‘Loss Sings’ and the Relevance of Poetry from Nearly a Millennium and a Half Ago

James E. Montgomery’s Loss Sings came out from the Cahiers Series, Center for Writers & Translators, American University of Paris/Sylph Editions in 2018:

Reviewed by Sarah Irving

Melancholy, with camel.

James Montgomery holds the alarmingly solemn-sounding, almost oppressively cantabrigiensian, position of Sir Thomas Adams’s Professor of Arabic at the University of Cambridge. Appropriately, his recent publications have included heavy-hitters such as ‘Antarah ibn Shaddād’s War Songs and Ibn Faḍlān’s Mission to the Volga, both with the Library of Arabic Literature, of which Montgomery is an executive editor. Although much of the LAL’s output is beautifully translated and surprisingly accessible, it also somehow exudes an aura of learnedness which does not invite casual familiarities, but does demand respect and attention.

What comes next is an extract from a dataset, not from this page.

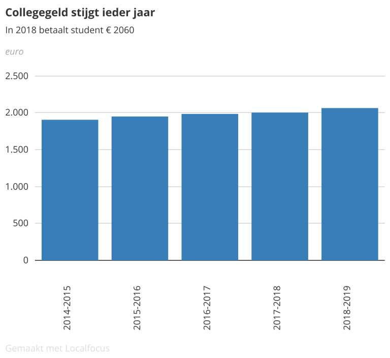 Studenten moeten in 2018 fors meer collegegeld betalen. Het tarief gaat omhoog van 2.006 naar 2.060 euro. De stijging is groter dan in vorige jaren: maar liefst 54 euro.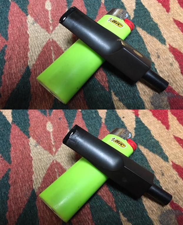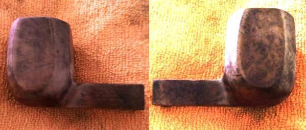 The stem was made of hard rubber and was barely oxidized as mentioned above and had tooth chatter on both sides near the button. Jeff took photos of both sides of the stem to capture their condition before he cleaned the pipe. The small white spot on the top of the stem was in good condition and slightly indented.

Loss Sings, however, has slipped into Montgomery’s publications list more quietly than either of the volumes mentioned above, both of which attracted scholarly and popular attention – especially Mission to the Volga, a highly readable adventure-epistle which taps into the current interest in Vikings, inspired by various TV serials of very variable quality. Whilst the translations of works by the seventh-century poet Al-Khansāʾ are just as noteworthy and backed by scholarship as any of his other writings, this slim chapbook pairs her work with deeply personal reflections by Montgomery on pain, loss, memory and trauma. Suddenly, the eminent translator of the LAL rips away at least part of the don’s gown, and in so doing reveals much about both the translation process and the continued relevance of poetry written almost a millennium and a half ago.

Al-Khansāʾ (the later by name of Tumāḍir bint ʿAmr ibn al-Ḥārith ibn al-Sharīd) is best known for the poems she wrote from about 612 onwards, lamentations for the deaths of her brothers Muʿāwiyah and Ṣakhr in battle. Her verses attained considerable fame in the Arabian peninsula during her lifetime and, after her people converted to Islam and four of her sons were killed at the Battle of Qādisīyah, she is said to have been allotted the pension due to her as the mother of martyrs by the Caliph ʿUmar ibn al-Khattāb.

Page One of the invaluable Arab Women Writers: A Critical Reference Guide, edited by (the late lamented) Radwa Ashour, along with Ferial Ghazoul, Hasna Reda-Mekdashi, and Mandy McClure, cites the famous poet Al-Nābighah al-Dhubyānī as telling Al-Khansāʾ that she was “the greatest poet amongst those with breasts,” to which she is said to have replied: “I am the greatest poet amongst those with testicles, too.” The story may or may not be true, but it gives a sense of this woman’s stature and confidence both in her talents and in her right to recognition of them.

Al-Khansāʾ’s poetry is a staple in anthologies of classical Arabic literature, and as such has been exposed to English-language readerships according to changing styles and tastes in poetry. As such, many of the versions available are florid, lachrymose and wordy. Not so for Montgomery’s contributions, which are clean, spare, often simple in the choice of words:

Night is long, denies sleep.

I am crippled

by the news –

Ibn ‘Amr is dead.

The effect is one laden with impact; the depth of Al-Khansāʾ’s pain and the sense of an unrelenting onward force which strips away her strength and vitality is palpable. There could be little more inexorable the closing line of:

Then Time came,

and harvested its malice.

Time never fails.

Stories of brothers killed in tribal wars and evocations of fast-running camels, lush oases and “battle-hard spears” may seem to place Al-Khansāʾ’s work in a distant orientalist past. But, Montgomery frames his translations of her poems amongst dated, diary-like prose passages detailing both his feelings about the process of translation and his reflections on loss and grief. The most prominent example of this, a recurrent thread, is the near-death of the translator’s son in a car accident. Whilst the boy was not killed, he sustained what a doctor, quoted in the text, called “life-changing injuries,” including a limb amputation. We repeatedly encounter the image of Montgomery sitting a desk wrestling, not with Arabic poetry, but with reams of documents filled with legal, technical English – the medical, lawyer’s and other reports on his son’s accident and future prognoses on his health and its likely decline. In Al-Khansāʾ’s time and our own, it seems, death and injury generate text, although its nature has changed – and not for the better.

There seems to be surprisingly little al-Khansa’ fan art.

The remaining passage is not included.